BMW, Mercedesy, Volkswageny, Audi oraz Porsche to według belgijskiej policji najczęściej kradzione marki samochodów. Tylko w Brukseli miesięcznie ginie 100 samochodów tych marek. To prawdziwa zmora dla mieszkających tam urzędników i dyplomatów, których ze względu na siedzibę NATO i Unii Europejskiej jest bardzo wielu.

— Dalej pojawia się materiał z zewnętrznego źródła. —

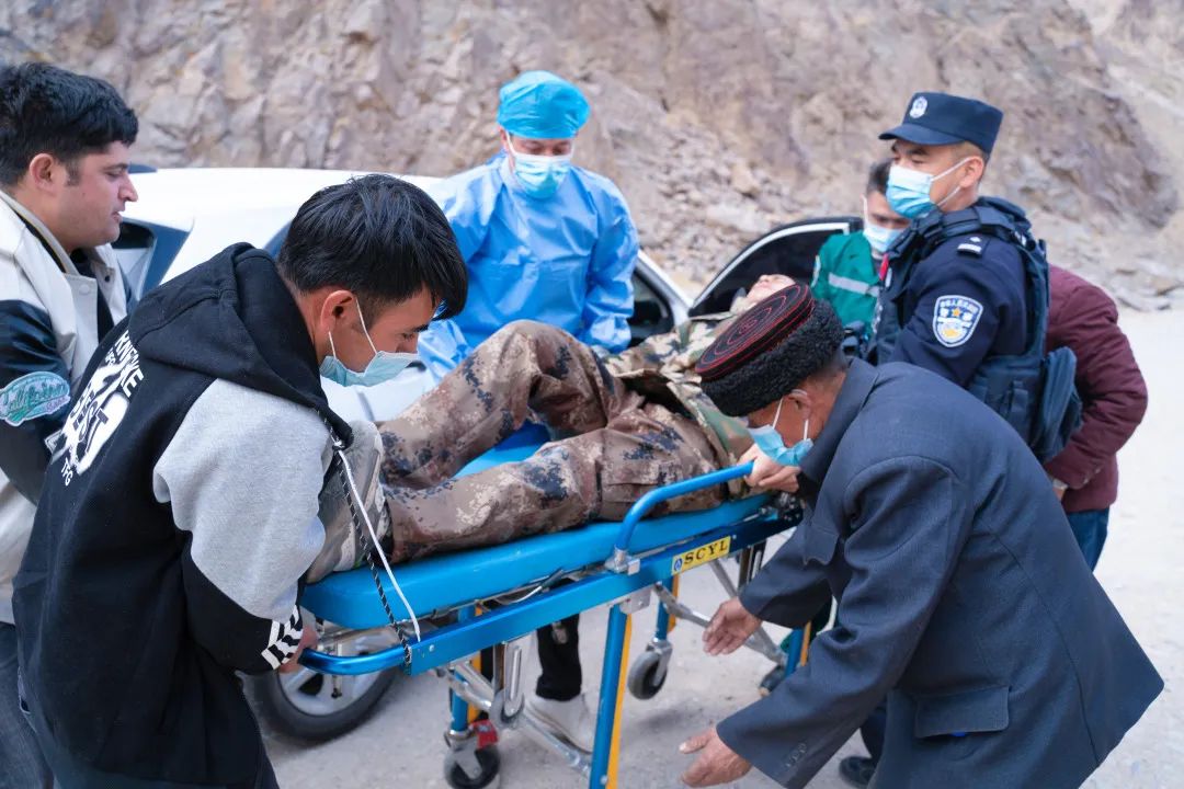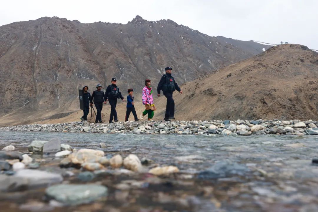 莫爾扎那扎爾和孩子們開啟了步巡模式。在海拔4000米的邊境一線巡邏2公里多,兩個孩子都累得走不動路。

Geograficznie Bruksela jest idealnym miejscem na kradzieże samochodów – leży ha przecięciu wielu głównych dróg. Stąd auto łatwo wywieźć do Algierii czy do Rosji. Na kradzieże skarżą się zarówno urzędnicy Unii jaki i NATO. Tymczasem proceder ten jest już tak popularny, że spadają nawet zarobki złodziei. Prawdopodobnie za jedną kradzież otrzymuje, w przeliczeniu maksymalnie do 2 tysięcy złotych. Obok policji, także prasa belgijska wydała wojnę złodziejom – drukuje informacje jak zachować się w przypadku napadu. Publikowane są także reklamy satelitarnego nadzoru pojazdów, dzięki któremu skradziony pojazd w Belgii można zlokalizować w przybliżeniu do 1 metra, a poza nią w przybliżeniu do 10 metrów. Zainstalowanie takiego systemu jest bardzo drogie, dlatego na razie lepiej kupić tańszy samochód, który nie będzie na liście pojazdów pożądanych przez złodziei.